Le Palais-Royal était alors déjà désigné comme le quartier général des révoltes futures.

Il n’avait pas, à cette époque, l’aspect que nous lui voyons aujourd’hui. Au milieu du jardin, le duc d’Orléans avait fait construire, vers 1788, une enceinte revêtue d’un treillage et que couronnait une terrasse, avec des fleurs et des eaux jaillissantes. On y arrivait des appartements du prince par une petite galerie à jour, et des parties basses du palais par un couloir souterrain. Cette enceinte, qui de loin offrait l’image d’un vaste bosquet orné de fleurs, avait été d’abord destinée à servir de théâtre à des exercices d’équitation, et avait reçu le nom de cirque, puis elle s’était ouverte à des danses et à des concerts. À l’une des extrémités se trouvait un bassin flanqué de quatre pavillons. Tout autour s’étendaient de riants palais qui encadraient les galeries. Voilà dans quel frais et voluptueux séjour l’insurrection campa de préférence, et cet étrange forum devint si redoutable aux ennemis de la Révolution que l’un d’eux le peignait en ces termes : « C’est l’image de la chimère dont la tête est d’une belle prostituée, la langue d’un serpent, la main d’une harpie, dont les yeux lancent des flammes, dont le cœur est vide et ne fermente que par de lascives pensées, dont la bouche distille tantôt le venin, tantôt des paroles héroïques. »

Ce fut là que se rendit le 12 juillet tout le Paris de la Révolution. L’affluence était telle que beaucoup furent obligés de s’accrocher aux branches des arbres, de s’y tenir suspendus. On ne faisait encore qu’attendre ; mais déjà montaient vers le ciel ces mugissements des foules inquiètes, si semblables à celui de la mer.

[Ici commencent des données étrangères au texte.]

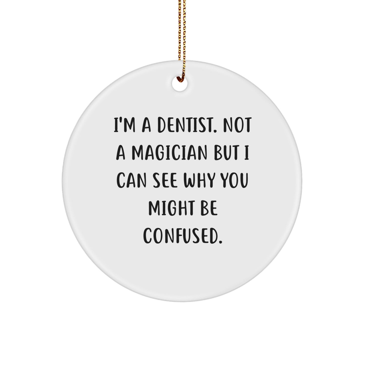 Dentist Gifts from Friends for Christmas - I'm A Dentist. Not A Magician But I Can See Why You Might Be Confused., Circle Ornament, White, 2.75″, MDF, Sublimation, Gold Cord
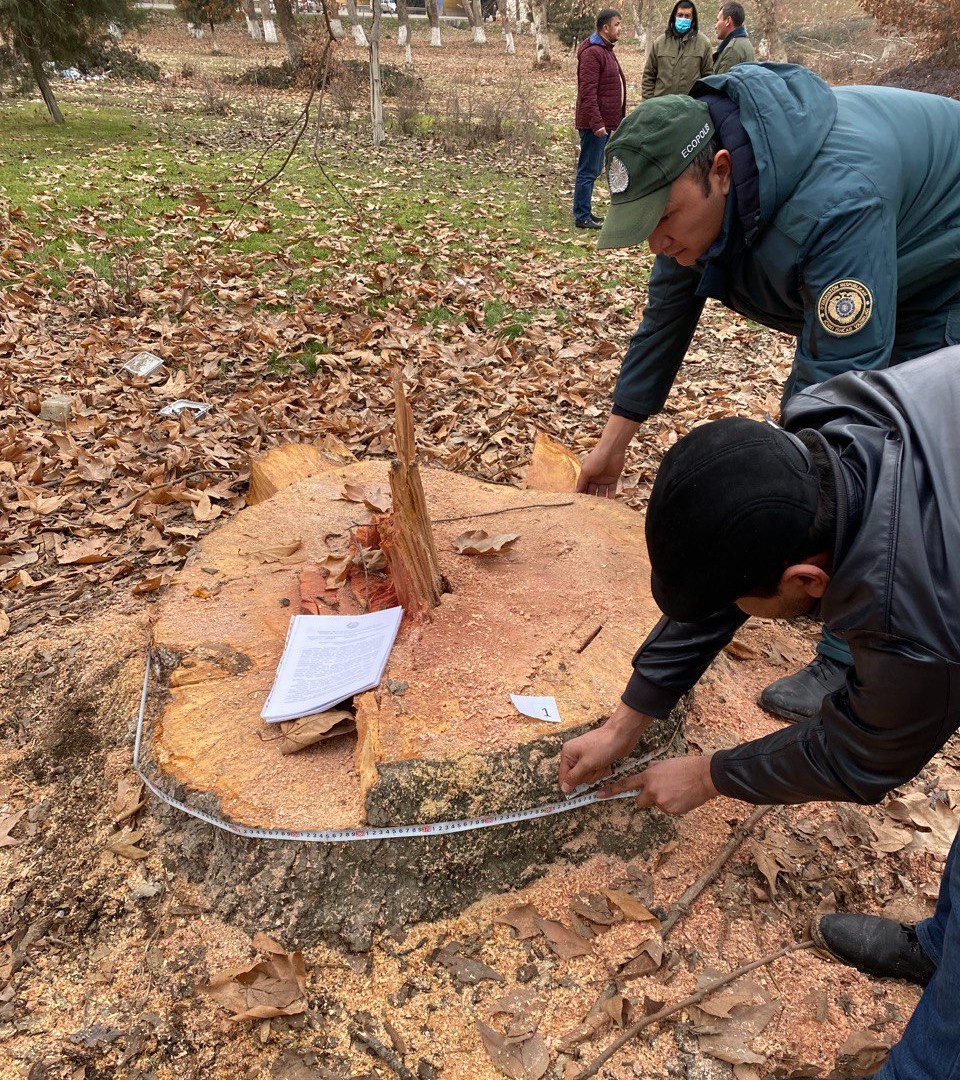 Ўтказилган рейд тадбири давомида Тошкент вилояти Юқори Чирчиқ тумани Файзиобод маҳалласи ҳудудидан ўтувчи автомобиль йўли четида мавжуд бўлган кўп йиллик 3 туп чинор дарахти номаълум шахслар томонидан кесиб кетилганлиги аниқланган.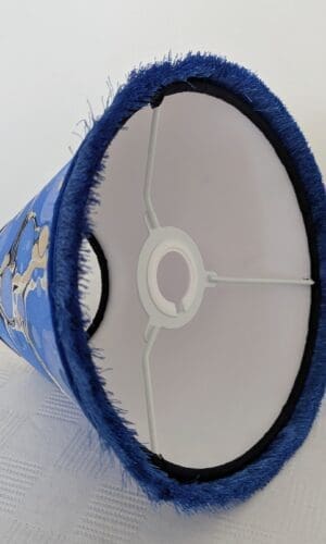 The shade is finished with a silky fringing and a band of luxurious velvet ribbon, adding rich texture and softness to the overall look. These premium materials give the lampshade an elevated, decorative edge—perfect for pairing with our handmade cordless bases, vintage lighting, or your own lamp pieces.

(Louis Blanc, Rév. fr., t. II.)

IV

Paris bouillonnait depuis quelques jours, le mot veto se trouvait dans toutes les bouches ; la question du veto passionnait tous les citoyens. « Eh bien, le veto ? — Est-il vrai que la reine veut le veto ? — Serions-nous menacés du veto, grand Dieu ! » Voilà ce qu’on se disait en s’abordant dans les rues, voilà ce qui faisait ressembler le Palais-Royal à une fournaise ardente, et remplissait la capitale d’un trouble mystérieux. Bientôt, cette haine du veto, colportée le long des grandes routes, pénétra dans les villes, se répandit de villages en villages et tint la France attentive, inquiète, frissonnante.

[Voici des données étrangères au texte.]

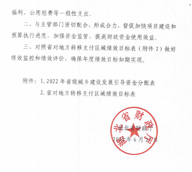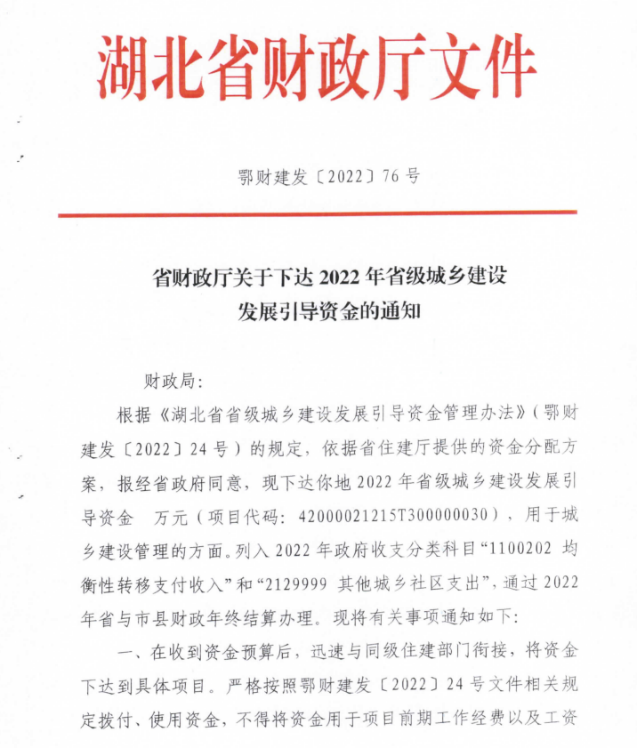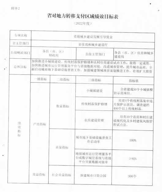 省财政厅关于下达2022年省级城乡建设发展引导资金的通知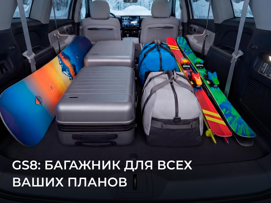 Зимний выходной — прекрасная возможность для прогулок, активных игр на морозе и уютных перерывов с горячим чаем из термоса. С вместительным кроссовером GAC GS8 вам не придётся жертвовать вещами ради поездки: вы сможете взять с собой всё необходимое.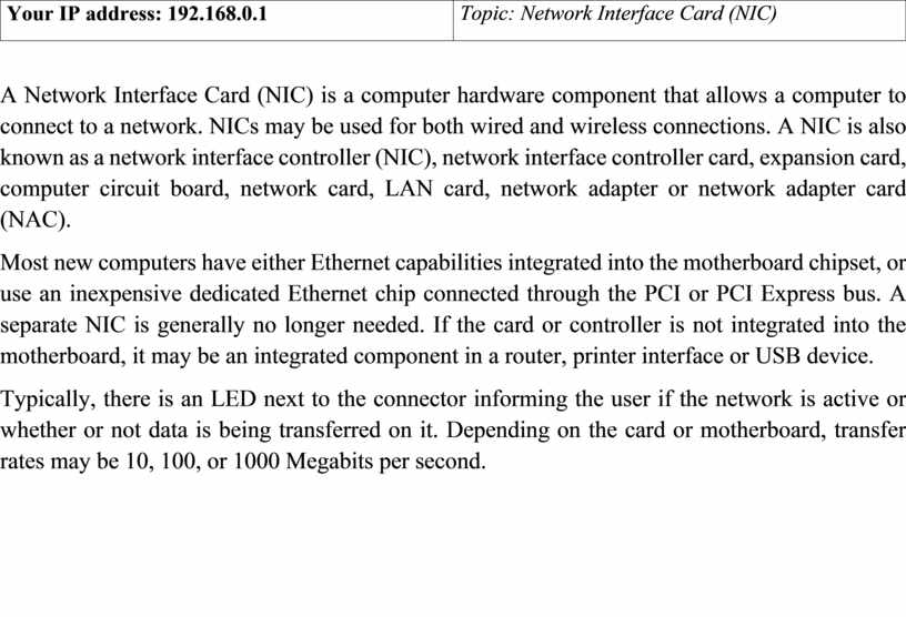 Topic: Network Interface Card (NIC) |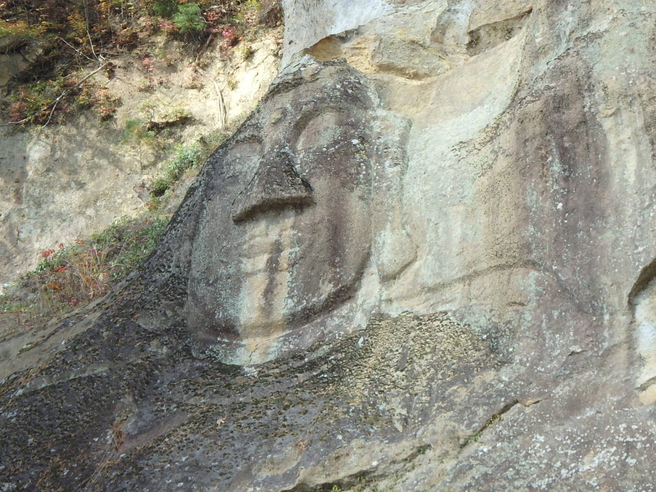 達谷窟毘沙門堂の横の岩壁に彫られた磨崖仏です。日本で最も北の磨崖仏で、地上から30メートルの高さに彫られているとのこと。源義家が馬上から弓筈で彫ったという言い伝えがあるようです。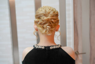 顔まわりの後れ毛は柔らかくカールをつけ、女性らしさを引き立てる仕上がりに。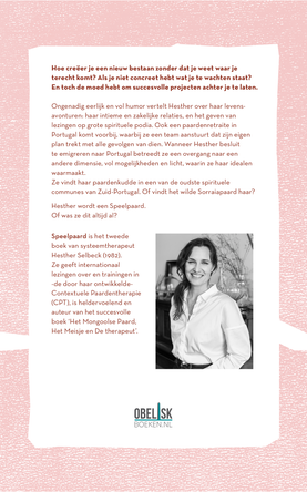 Speelpaard is het tweede boek van systeemtherapeut Hesther Selbeck (1982). Ze geeft internationaal lezingen en trainingen in de door (haar) ontwikkelde Contextuele Paardentherapie (CPT), is heldervoelend en auteur van het succesvolle boek ‘Het Mongoolse paard, het meisje en de therapeut’.

Que signifiait donc ce mot terrible. Il est certain que tous n’avaient pas une idée bien nette de ce qui leur était un sujet d’horreur. Il y en eut qui crurent haïr dans le veto un personnage dangereux. Un homme demanda de quel district il était ; un autre opina pour qu’on le mît à la lanterne. "Virieu assura, du haut de la tribune, que, parmi le peuple de Paris, le veto passait pour un impôt, et il raconta que deux habitants de la campagne parlant un jour du veto, l’un dit à l’autre : « Sais-tu ce que c’est ? — Non. — Eh bien, tu as ton écuelle remplie de soupe ; le roi te dit : Répands ta soupe, et il faut que tu la répandes. »

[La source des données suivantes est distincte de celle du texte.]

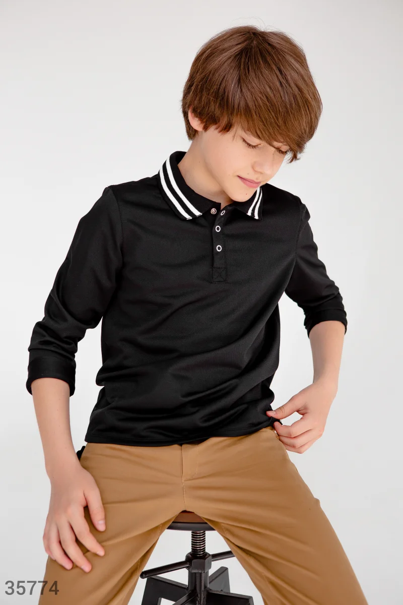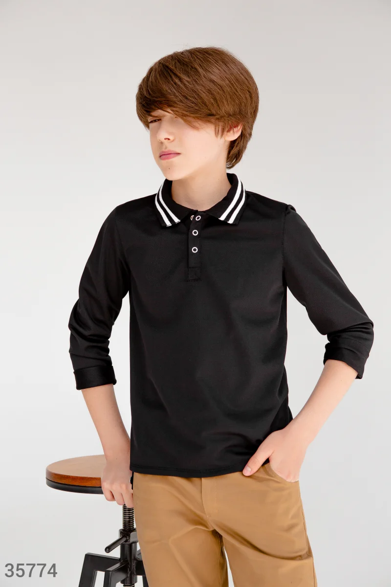 Строгая черная рубашка с длинным рукавом и классическим отложным воротником-поло в контрастную полоску. Планка с кнопками до груди, свободный крой.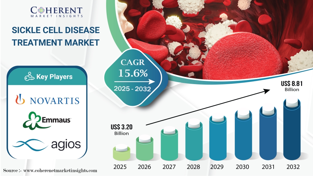 According to Coherent Market Insights (CMI), the global sickle cell disease treatment market size is expected to expand from USD 3.20 Bn in 2025 to USD 8.81 Bn by 2032, recording a CAGR of 15.6% during the assessment period.

Qu’on ne se hâte pas de sourire. Eh ! sans doute, le veto était un personnage dangereux : c’était le roi pouvant dire non, quand la nation avait dit oui. Le veto était un impôt et le plus funeste de tous ; il livrait à la volonté d’un seul, non pas seulement l’argent du peuple, mais son sang et sa vie. « Le roi dit : Répands ta soupe, et il faut que tu la répandes. » C’était bien cela en effet, et le comte de Virieu ne prévoyait pas qu’un jour le monde, parvenu à l’âge de raison, mettrait fort au-dessus des savants sophismes des partisans du veto, cette vive image, cette saillie à la fois si originale et si profonde, du bon sens populaire ! « Il n’y avait rien de risible en ceci que les moqueurs, » a écrit excellemment M. Michelet.

… Le soir, la foule se pressait, s’entassait au Palais-Royal, grossie encore par l’oisiveté du dimanche. Du café de Foy partaient des clameurs qui se prolongeaient d’échos en échos, au travers de la multitude émue. Là dominaient Loustalot, Camille Desmoulins, le baron de Tinstot, le marquis de Saint-Huruge. Une tête énorme, un corps trapu, un geste brutal, des idées pleines de fièvre servies par une voix retentissante, faisaient de ce dernier un agitateur en vue. Les vengeances d’une jolie femme, puissante à la cour, l’avaient en 1787, jeté en Angleterre, d’où il rapporta, contre l’ancien régime, une haine aigrie par l’exil. Il devint suspect plus tard, en attendant il était tribun.